▸ **GOAL OF THE EXERCISE**: Each line of the material must be reproduced exactly; pictures stay out.

▸ **THE DATA**:
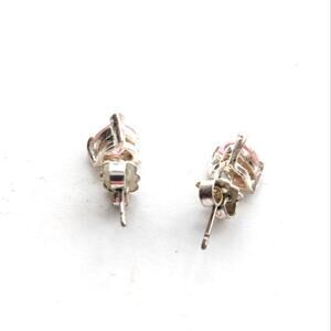 Vintage Signed Avon Silver Tone Pink Prong Set Romantic Heart Stud Earrings
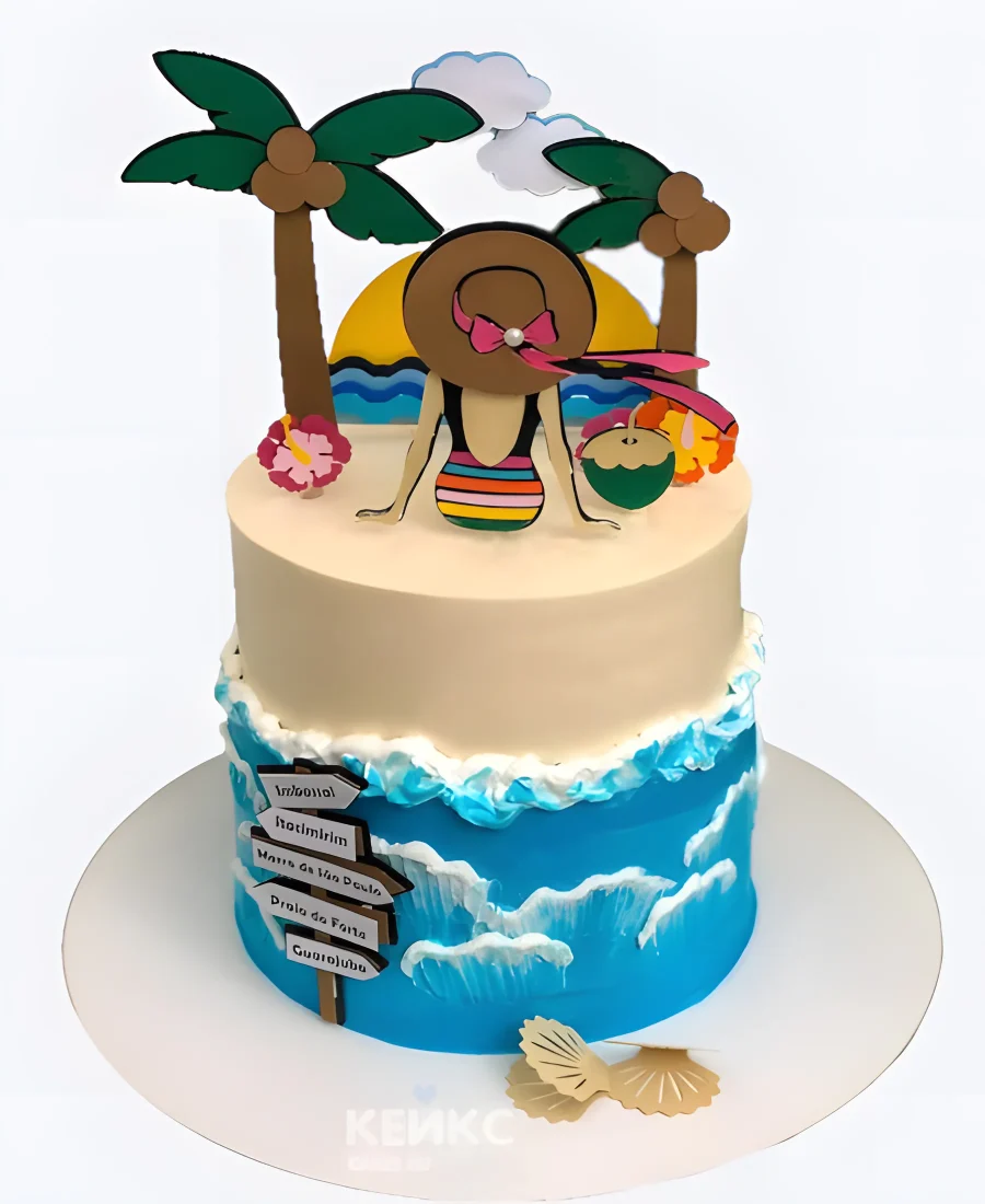Летний пляжный торт из мастики
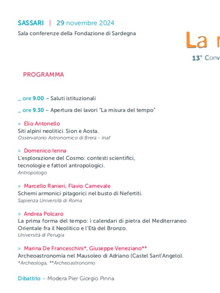 Presentation at the 13th International Archaeoastronomy conference in Sardinia «The Measurement of Time»

▸ **ANSWER TO THE PROBLEM**:
 Vintage Signed Avon Silver Tone Pink Prong Set Romantic Heart Stud Earrings
Летний пляжный торт из мастики
 Presentation at the 13th International Archaeoastronomy conference in Sardinia «The Measurement of Time»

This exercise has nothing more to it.